In 1953, the State Department quietly looked into whether Albert Einstein could be deported.

The investigation was triggered by a letter Einstein had sent to a Brooklyn schoolteacher named William Frauenglass. Frauenglass had been subpoenaed by a Senate subcommittee investigating "subversive influence" in American education. He had written to Einstein for advice. Einstein wrote back, told him to refuse to testify, cited Gandhi-style civil disobedience, and said in plain language that what was happening in America in 1953 was the same kind of intellectual coercion he had fled from in Germany twenty years earlier.

The New York Times printed the letter. Senator McCarthy denounced Einstein on the Senate floor. The State Department took the matter seriously enough to ask the Justice Department whether the seventy-four-year-old Nobel laureate's citizenship could be revoked.

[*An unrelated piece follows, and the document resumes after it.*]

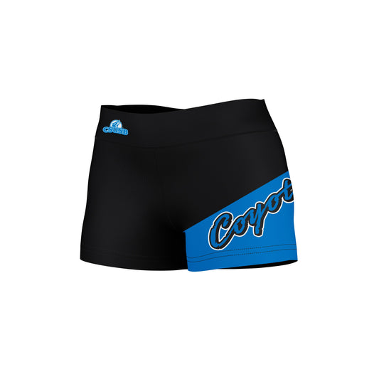 Cal State San Bernardino Coyotes Game Day Collegiate Leg Color Block Black Blue Optimum Womens Yoga Shorts by Vive La Fete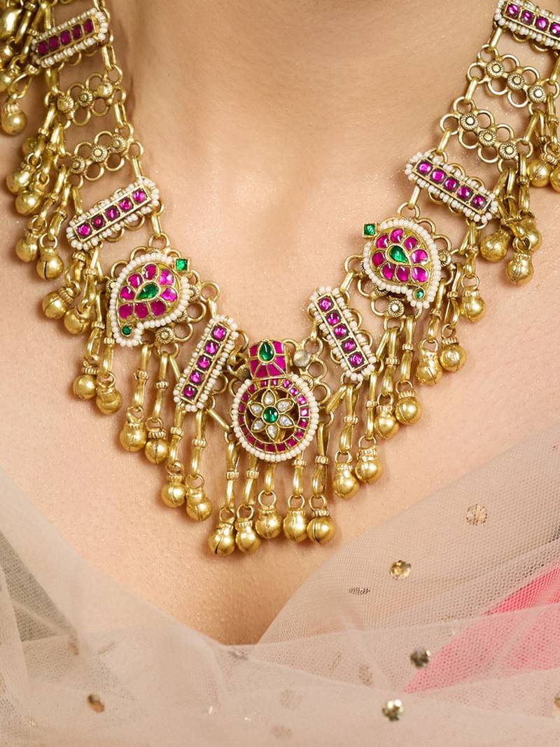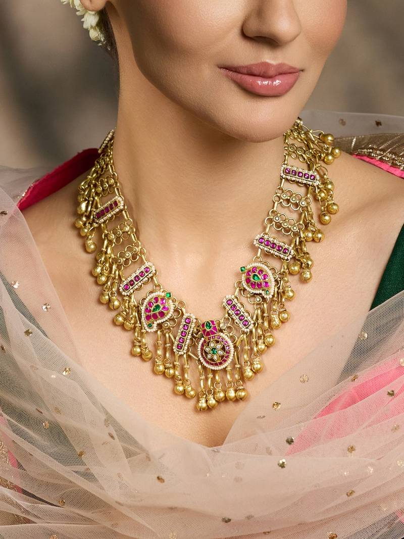 | Product Description | The Ruhani Riwaayat Bridal Set Blends Elegance With Tradition, Featuring Detailed Gold Tones And Rich Red Green Stones. Perfect For Brides Who Wish To Enhance Grace, Culture, And Regal Charm. Add Matching Earrings & Accessories To Complete The Look.

The answer was no — not without an act of Congress, and Congress was not going to do that to Albert Einstein. So the matter was dropped.

But the file was not dropped.

The FBI's file on Albert Einstein, opened in 1932 and closed only by his death in 1955, eventually grew to 1,427 pages. J. Edgar Hoover personally directed the investigation. It included wiretaps on his Princeton phone, mail intercepts, informants among the Princeton household staff, and surveillance reports submitted by FBI offices in cities Einstein had visited as long ago as the 1920s. When the file was released under the Freedom of Information Act in 1983, twenty-eight years after his death, portions of it were still redacted under national security exemptions. Some of those redactions remain today.

This is not the Einstein on the dorm-room poster. This is the actual man.


What Hoover Believed

The FBI's working theory of Albert Einstein, as it emerges from the surveillance file, was roughly this:

Einstein had been a Soviet sympathizer since the 1920s. He was personally connected to the leadership of the Communist Party of the United States. His secretary, Helen Dukas, was probably a Soviet courier. His Princeton home at 112 Mercer Street was a meeting place for Soviet operatives. He was, in one internal memo's phrasing, "almost certainly" running or supporting a Soviet espionage network out of the Institute for Advanced Study.

None of this was true. Einstein had never been a member of the Communist Party. He had no Soviet contacts beyond ordinary correspondence with Soviet scientists, the same correspondence American physicists routinely conducted in the pre-Cold War years. Helen Dukas was a German-Jewish refugee who had served as Einstein's secretary since 1928 and who, after Elsa Einstein's death in 1936, became the keeper of his household. She was not a Soviet courier. The Mercer Street house was a place where an old man drank tea and worked on equations. It was not an espionage hub.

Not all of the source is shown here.